■ **TASK DIRECTIONS**:
What is needed is an exact reproduction of the lines in the records below, starting at the line with "举个例子,上图我们将1s时间" and ending at the line with "- User Friendly", both included, and nothing else; pictures stay out.

■ **STORED DATA**:
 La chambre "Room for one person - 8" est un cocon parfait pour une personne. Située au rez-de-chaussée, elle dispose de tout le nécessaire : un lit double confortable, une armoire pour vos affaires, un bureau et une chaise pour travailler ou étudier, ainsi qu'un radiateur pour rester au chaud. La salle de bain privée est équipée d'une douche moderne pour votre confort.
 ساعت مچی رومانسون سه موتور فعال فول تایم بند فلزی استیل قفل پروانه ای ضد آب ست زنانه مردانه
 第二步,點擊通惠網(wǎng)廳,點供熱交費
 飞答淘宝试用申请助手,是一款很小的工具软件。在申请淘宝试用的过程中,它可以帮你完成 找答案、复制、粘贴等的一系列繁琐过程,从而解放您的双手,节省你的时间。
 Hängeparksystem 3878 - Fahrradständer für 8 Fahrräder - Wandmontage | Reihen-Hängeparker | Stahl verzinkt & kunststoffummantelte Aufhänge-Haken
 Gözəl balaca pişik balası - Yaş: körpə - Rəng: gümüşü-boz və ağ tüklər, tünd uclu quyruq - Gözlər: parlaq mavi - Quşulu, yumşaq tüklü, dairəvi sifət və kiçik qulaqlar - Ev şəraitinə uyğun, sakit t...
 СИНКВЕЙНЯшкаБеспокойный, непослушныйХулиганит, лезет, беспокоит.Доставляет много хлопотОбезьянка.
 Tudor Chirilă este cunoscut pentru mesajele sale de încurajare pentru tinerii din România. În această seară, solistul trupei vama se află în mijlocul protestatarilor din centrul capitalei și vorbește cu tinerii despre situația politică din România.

...

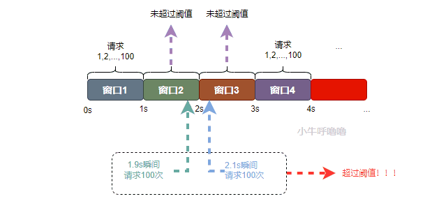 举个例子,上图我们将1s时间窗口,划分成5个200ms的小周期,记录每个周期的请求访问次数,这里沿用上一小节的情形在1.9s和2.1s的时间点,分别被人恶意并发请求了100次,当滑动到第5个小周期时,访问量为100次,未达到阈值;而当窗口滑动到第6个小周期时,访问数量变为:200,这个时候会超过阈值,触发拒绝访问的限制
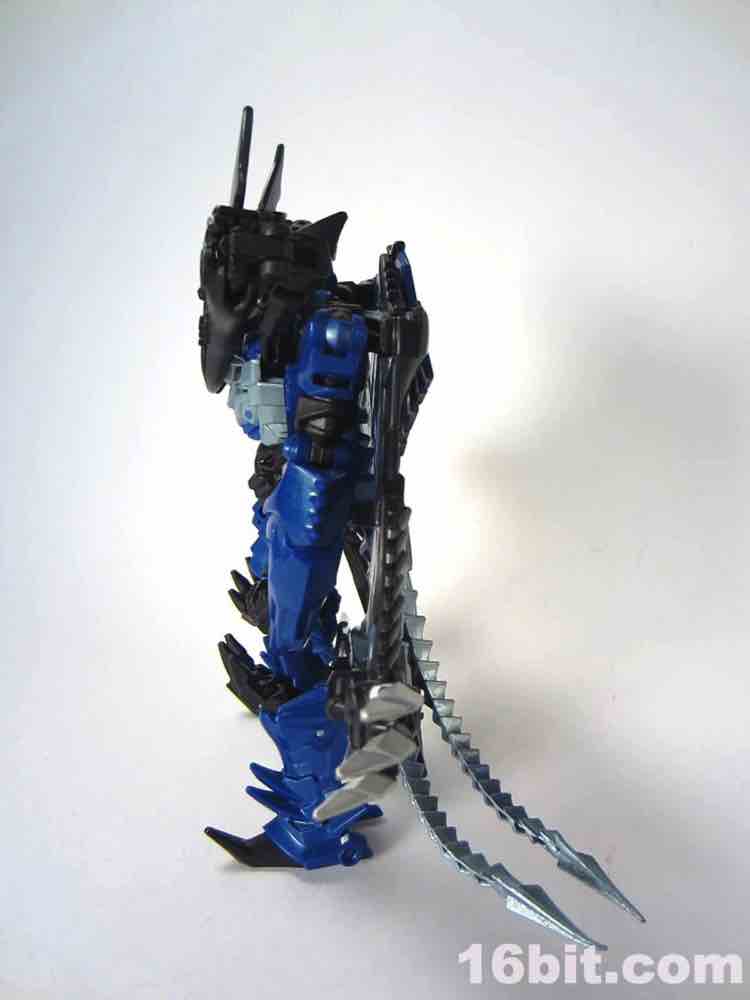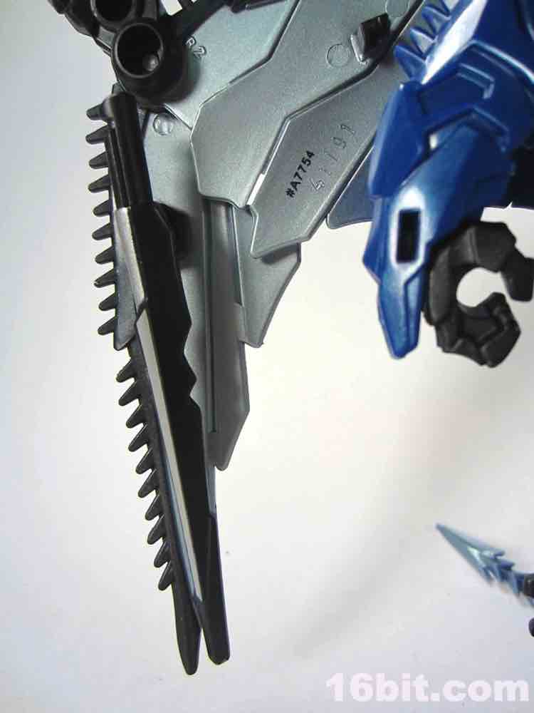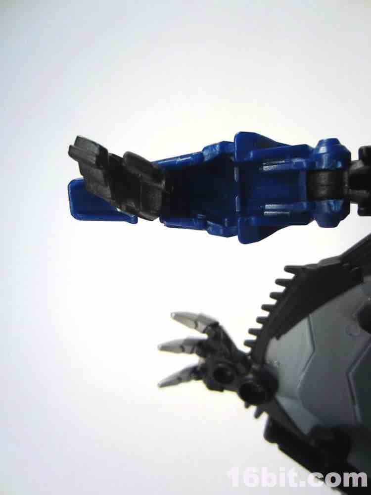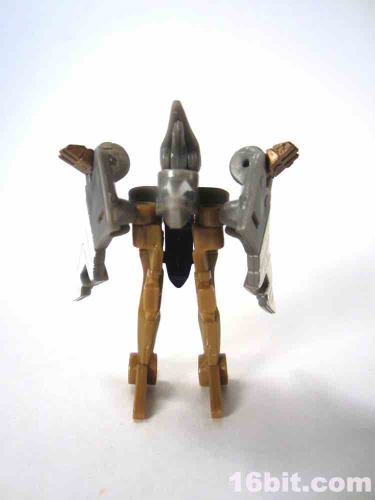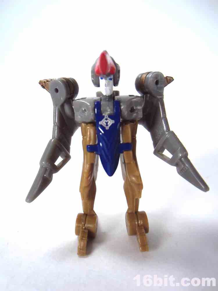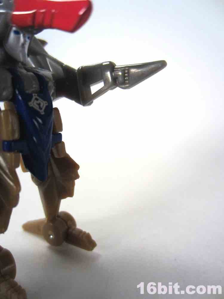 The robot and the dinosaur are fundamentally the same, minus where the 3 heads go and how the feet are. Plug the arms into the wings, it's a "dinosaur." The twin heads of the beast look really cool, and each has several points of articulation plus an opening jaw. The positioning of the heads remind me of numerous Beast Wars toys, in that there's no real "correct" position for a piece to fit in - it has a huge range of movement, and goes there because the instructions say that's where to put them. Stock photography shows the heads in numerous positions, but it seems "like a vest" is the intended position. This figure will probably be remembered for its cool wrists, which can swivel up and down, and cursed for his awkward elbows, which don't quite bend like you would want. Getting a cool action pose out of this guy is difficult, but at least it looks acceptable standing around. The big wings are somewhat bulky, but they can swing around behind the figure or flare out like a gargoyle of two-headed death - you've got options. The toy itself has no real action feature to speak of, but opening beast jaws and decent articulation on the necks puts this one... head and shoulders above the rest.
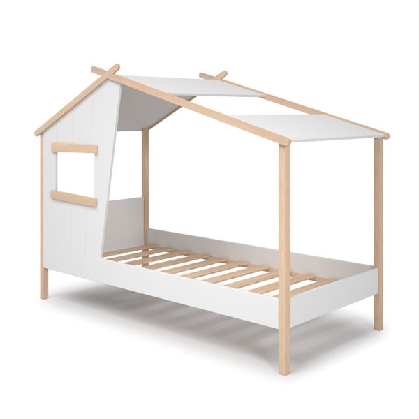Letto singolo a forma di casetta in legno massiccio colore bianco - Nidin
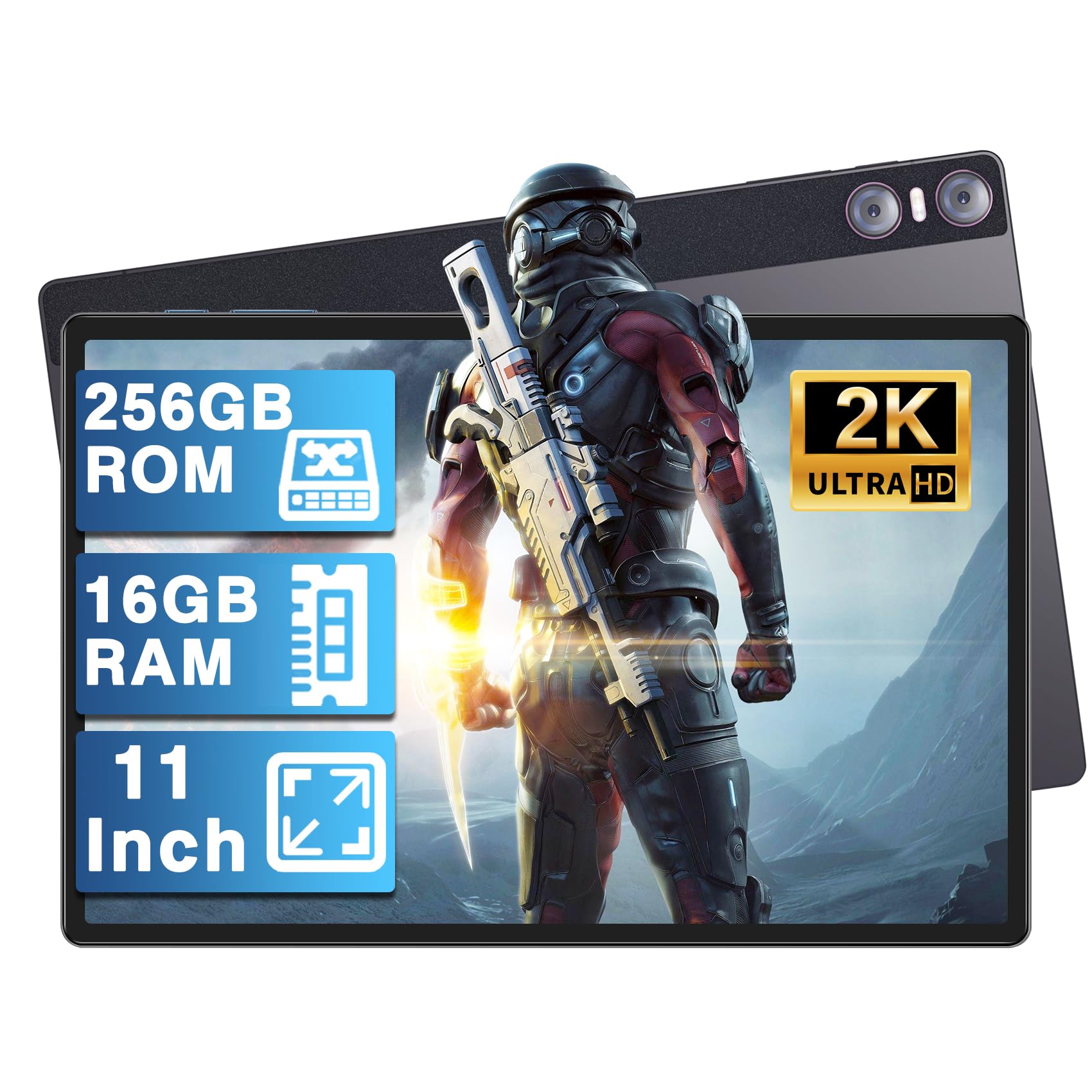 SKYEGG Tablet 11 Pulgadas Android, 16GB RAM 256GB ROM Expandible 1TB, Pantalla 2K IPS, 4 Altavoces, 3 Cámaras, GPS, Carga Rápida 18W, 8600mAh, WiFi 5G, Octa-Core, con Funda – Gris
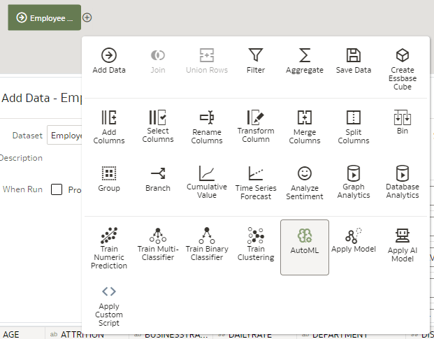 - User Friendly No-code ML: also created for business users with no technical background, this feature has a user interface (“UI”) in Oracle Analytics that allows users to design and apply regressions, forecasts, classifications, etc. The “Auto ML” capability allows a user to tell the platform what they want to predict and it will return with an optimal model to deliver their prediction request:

■ **WORKED SOLUTION**:
 举个例子,上图我们将1s时间窗口,划分成5个200ms的小周期,记录每个周期的请求访问次数,这里沿用上一小节的情形在1.9s和2.1s的时间点,分别被人恶意并发请求了100次,当滑动到第5个小周期时,访问量为100次,未达到阈值;而当窗口滑动到第6个小周期时,访问数量变为:200,这个时候会超过阈值,触发拒绝访问的限制
 The robot and the dinosaur are fundamentally the same, minus where the 3 heads go and how the feet are. Plug the arms into the wings, it's a "dinosaur." The twin heads of the beast look really cool, and each has several points of articulation plus an opening jaw. The positioning of the heads remind me of numerous Beast Wars toys, in that there's no real "correct" position for a piece to fit in - it has a huge range of movement, and goes there because the instructions say that's where to put them. Stock photography shows the heads in numerous positions, but it seems "like a vest" is the intended position. This figure will probably be remembered for its cool wrists, which can swivel up and down, and cursed for his awkward elbows, which don't quite bend like you would want. Getting a cool action pose out of this guy is difficult, but at least it looks acceptable standing around. The big wings are somewhat bulky, but they can swing around behind the figure or flare out like a gargoyle of two-headed death - you've got options. The toy itself has no real action feature to speak of, but opening beast jaws and decent articulation on the necks puts this one... head and shoulders above the rest.
Letto singolo a forma di casetta in legno massiccio colore bianco - Nidin
 SKYEGG Tablet 11 Pulgadas Android, 16GB RAM 256GB ROM Expandible 1TB, Pantalla 2K IPS, 4 Altavoces, 3 Cámaras, GPS, Carga Rápida 18W, 8600mAh, WiFi 5G, Octa-Core, con Funda – Gris
 - User Friendly No-code ML: also created for business users with no technical background, this feature has a user interface (“UI”) in Oracle Analytics that allows users to design and apply regressions, forecasts, classifications, etc. The “Auto ML” capability allows a user to tell the platform what they want to predict and it will return with an optimal model to deliver their prediction request:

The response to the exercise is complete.